Personalized Window Shopping
Visual merchandising is embracing technology. Less than two weeks after our writing about a "Virtual Fitting Room" at a Topshop in Moscow that uses Microsoft Kinect, Intel Labs is working on a technology that will give shoppers the ability to see how they look wearing the latest fashions on display in shop windows, according to the Telegraph.
With the help of information stored on mobile devices, researchers are developing a system that will recognize people as they walk past a shop, and produce a life-size image of them on a screen outside, dressed in clothes from the store. A "personal mannequin" electronic likeness is then created for display in the shop windows using body measurements that individual consumers have registered and asked to be stored on the retailer's central computer.

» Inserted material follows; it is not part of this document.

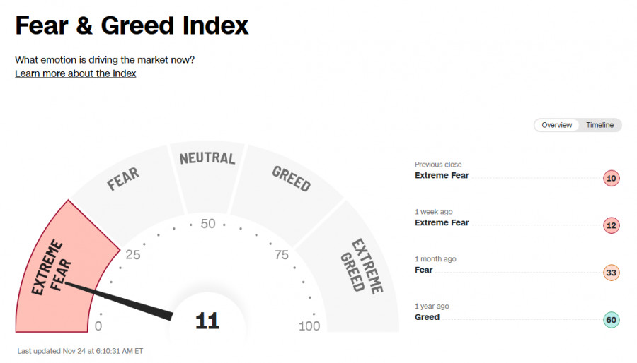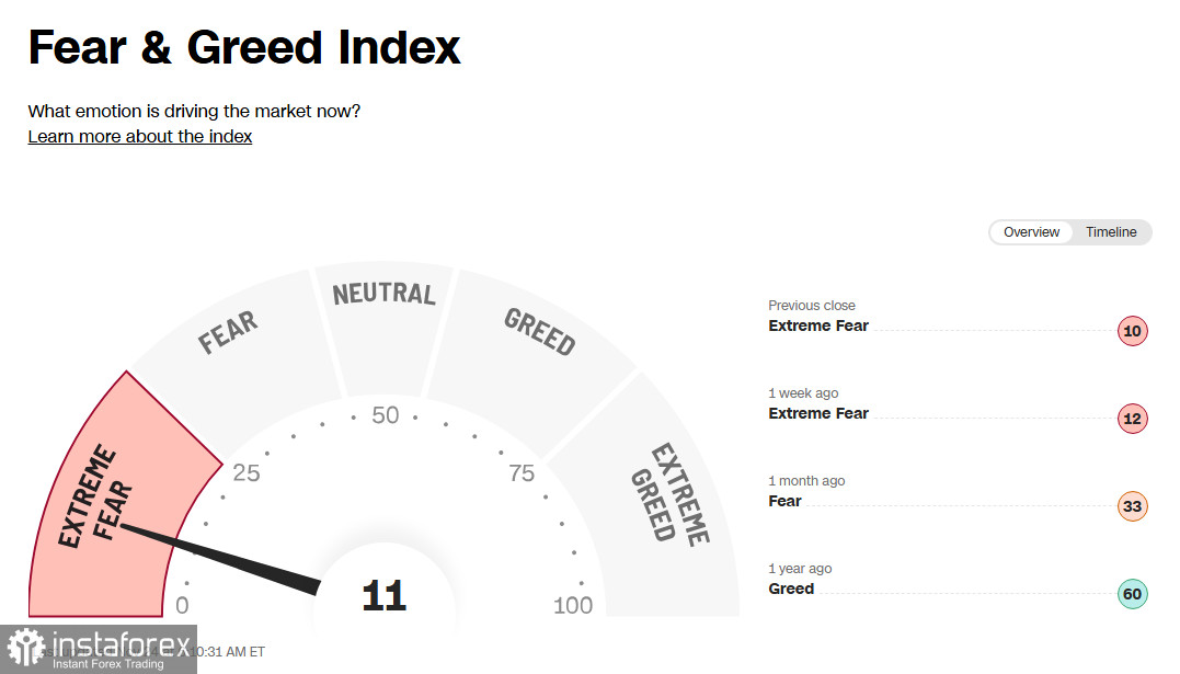 Бычий импульс цены все еще сохраняется, получая поддержку от востребованности доллара в качестве защитного актива. Так называемый индекс страха и жадности стабильно держится в области «экстремального страха» (11 пунктов из 100 в начале американской торговой сессии), подчеркивая высокую степень неуверенности и даже сохраняющуюся панику среди участников рынка.

For the technology to work, consumers must register a series of eight body measurements that detail their height, waistline, arm and leg length along with other dimensions required to produce a realistic on-screen replica of their body.
Nola Donato, from Intel Labs, the computer chip manufacturer which is developing the system, said: "We can produce a three dimensional model of a dress and put it on the body on screen to allow customers to see how they would look in that item. They would also be able to mix and match or try different sizes to see if it looks different."
The system will also be able recognize whether someone is male or female, their approximate age and whether they are in a group such as a family. It then displays advertising images it deems to be most appropriate to the people standing in front of it. Another project under development aims to use facial recognition software to target advertising on billboards according to the appearance of passersby like the NEC digital signage launched in earlier this year in Tokyo.
This type of technology needs a strong lifestyle component in order for it to feel authentic. Personalization could save consumers time during the decision making process and checkout if brands can safeguard security.